• **TASK STATEMENT**:
With the images removed, return every line below exactly as it reads.

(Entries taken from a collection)

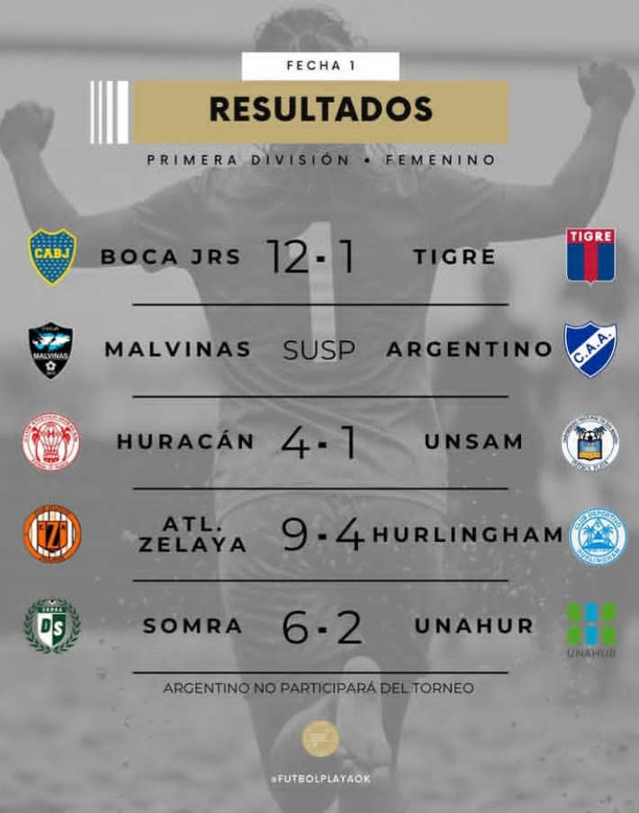 Boca fue aplastante: 12-1 a Tigre. Atlético Zelaya, Huracán y el debut de Somra, con victorias amplias. Argentino de Rosario finalmente se dio de baja.
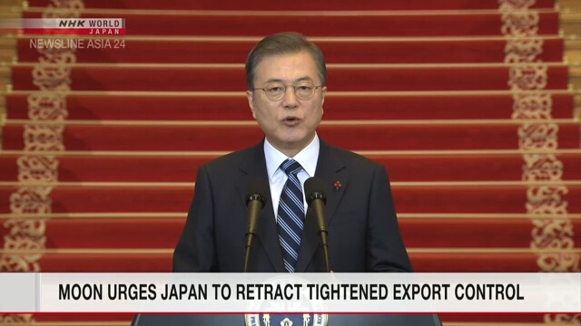 ประธานาธิบดีมุน แจ-อิน ของเกาหลีใต้ ได้แสดงความกระตือรือร้นที่จะปรับปรุงความสัมพันธ์ทวิภาคีกับญี่ปุ่น แต่เขากล่าวว่าจะเรียกร้องต่อไปให้ญี่ปุ่นทบทวนมาตรการควบคุมการส่งออก
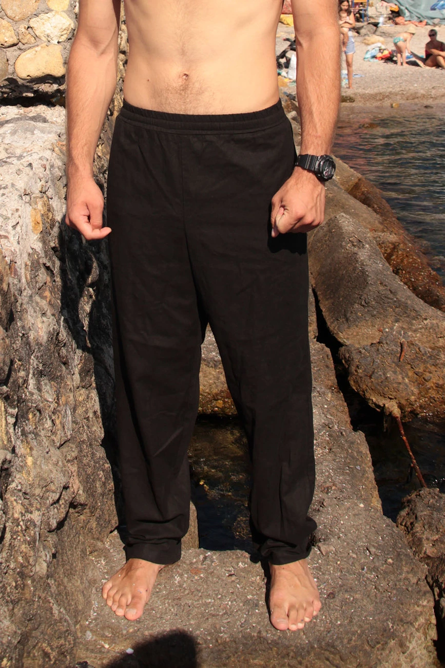 Свободные брюки с карманами, книзу заужены, модель унисекс.
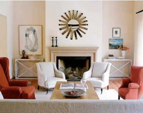 Debes pensar en ese elemento como si fuera el que te da la bienvenida y a tus invitados a este espacio, por lo que debes poner los muebles directamente en frente de este elemento decorativo.
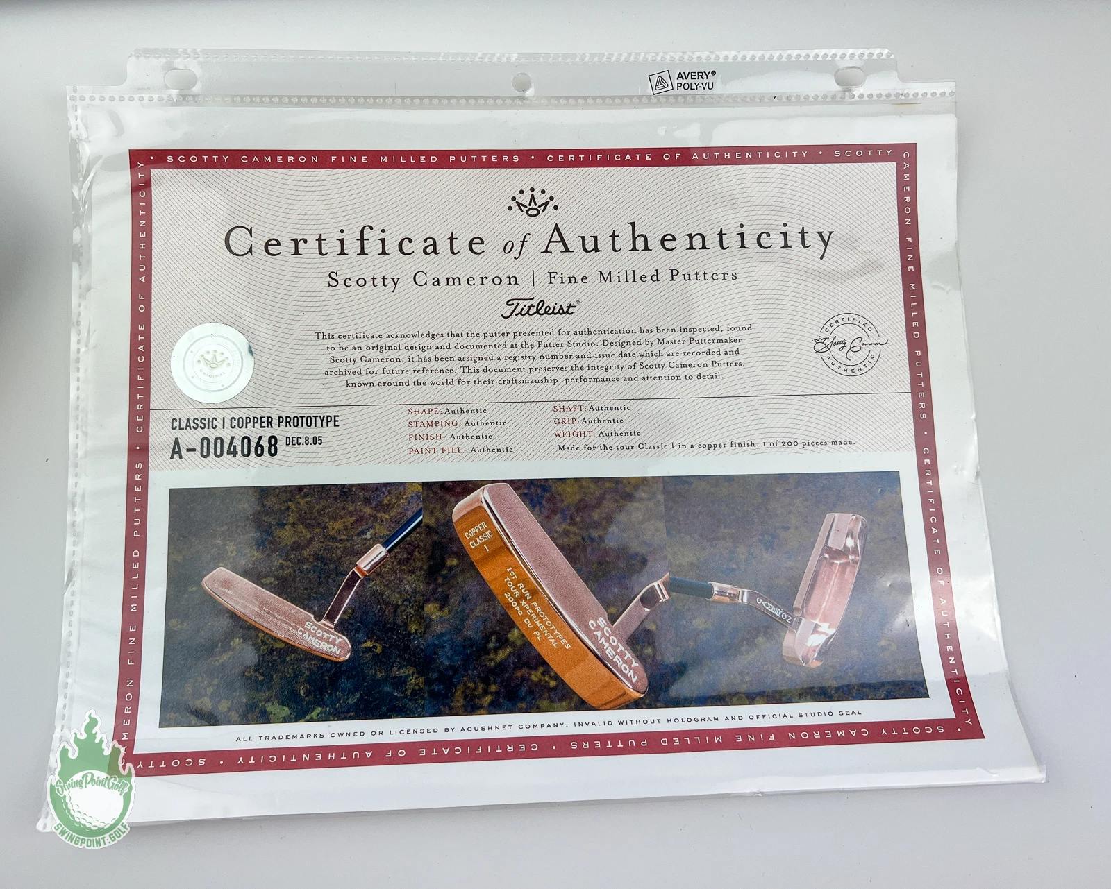 Up for sale is a Used Right Handed Titleist Scotty Cameron Copper Classic I 1st Run Prototypes Tour Xperimental 200 pcs. Cu PL 35″ Putter Steel Golf Club With COA
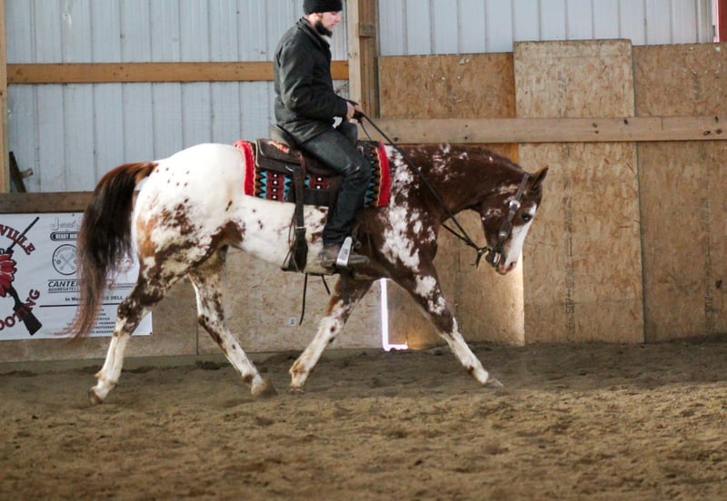 ⚜️𝐓𝐇𝐄 𝓗𝓮𝓻𝓲𝓽𝓪𝓰𝓮 𝐖𝐢𝐧𝐭𝐞𝐫 𝓒𝓵𝓪𝓼𝓼𝓲𝓬⚜️ Happening now thru MONDAY | DECEMBER 29th - Available EXCLUSIVELY on HorseBid's website! For more details and to register visit: www.Horsebid.com CONSIGNOR CONTACT: Triple B Horses 641-680-1707 LOCATION: Cincinnati, IA BREED: AHC REGISTERED: Yes REGISTERED NAME: Got An App For That COLOR: Appaloosa HEIGHT: 15.1 AGE: 4 GENDER: Gelding “Got an app for that” (A.K.A Tinder) is a 2021 model AHC gelding standing 15.1 hands tall. This gelding is as picture perfect pretty as you can ask one to be! Every where he goes everyone is turning heads and drooling over his good looks! Not only is he drop dead gorgeous but he GENTLE! He loves all the attention you will give him! His ground manners are impeccable! Tinder is easy to catch, stands tied, saddles easy, great for the farrier and vet. He is sooooo much fun to ride! Tinder is one hand broke, lopes collected circles, stops like a car that just got a brand new set of breaks! He is smooth in his transitions, side passes, and pivots. Tinder also knows how to side pass to the mounting block or anything you choose to use to get on! On the trails he will cross anything you put in his path! He is as sure footed as they come and has seen more miles on the trails than a Polaris ranger. He is familiar with the camping lifestyle and not spooky of anything that comes with that environment! Tinder has also been rode through town! We had everyone stopping us to come and pet him drooling over how pretty he is! Tinder has easily became the barn favorite and it’s no doubt why! He is the kind of gelding everyone can get on and enjoy! We were told he is started on the head side and coming along nicely but we have not personally roped live steer on him ourselves! Tinder is 100% sound and sane in every way! Please give me a call I would LOVE to talk about Tinder- 6416801707

• **ANSWER SPACE**:
 Boca fue aplastante: 12-1 a Tigre. Atlético Zelaya, Huracán y el debut de Somra, con victorias amplias. Argentino de Rosario finalmente se dio de baja.
 ประธานาธิบดีมุน แจ-อิน ของเกาหลีใต้ ได้แสดงความกระตือรือร้นที่จะปรับปรุงความสัมพันธ์ทวิภาคีกับญี่ปุ่น แต่เขากล่าวว่าจะเรียกร้องต่อไปให้ญี่ปุ่นทบทวนมาตรการควบคุมการส่งออก
 Свободные брюки с карманами, книзу заужены, модель унисекс.
 Debes pensar en ese elemento como si fuera el que te da la bienvenida y a tus invitados a este espacio, por lo que debes poner los muebles directamente en frente de este elemento decorativo.
 Up for sale is a Used Right Handed Titleist Scotty Cameron Copper Classic I 1st Run Prototypes Tour Xperimental 200 pcs. Cu PL 35″ Putter Steel Golf Club With COA
 ⚜️𝐓𝐇𝐄 𝓗𝓮𝓻𝓲𝓽𝓪𝓰𝓮 𝐖𝐢𝐧𝐭𝐞𝐫 𝓒𝓵𝓪𝓼𝓼𝓲𝓬⚜️ Happening now thru MONDAY | DECEMBER 29th - Available EXCLUSIVELY on HorseBid's website! For more details and to register visit: www.Horsebid.com CONSIGNOR CONTACT: Triple B Horses 641-680-1707 LOCATION: Cincinnati, IA BREED: AHC REGISTERED: Yes REGISTERED NAME: Got An App For That COLOR: Appaloosa HEIGHT: 15.1 AGE: 4 GENDER: Gelding “Got an app for that” (A.K.A Tinder) is a 2021 model AHC gelding standing 15.1 hands tall. This gelding is as picture perfect pretty as you can ask one to be! Every where he goes everyone is turning heads and drooling over his good looks! Not only is he drop dead gorgeous but he GENTLE! He loves all the attention you will give him! His ground manners are impeccable! Tinder is easy to catch, stands tied, saddles easy, great for the farrier and vet. He is sooooo much fun to ride! Tinder is one hand broke, lopes collected circles, stops like a car that just got a brand new set of breaks! He is smooth in his transitions, side passes, and pivots. Tinder also knows how to side pass to the mounting block or anything you choose to use to get on! On the trails he will cross anything you put in his path! He is as sure footed as they come and has seen more miles on the trails than a Polaris ranger. He is familiar with the camping lifestyle and not spooky of anything that comes with that environment! Tinder has also been rode through town! We had everyone stopping us to come and pet him drooling over how pretty he is! Tinder has easily became the barn favorite and it’s no doubt why! He is the kind of gelding everyone can get on and enjoy! We were told he is started on the head side and coming along nicely but we have not personally roped live steer on him ourselves! Tinder is 100% sound and sane in every way! Please give me a call I would LOVE to talk about Tinder- 6416801707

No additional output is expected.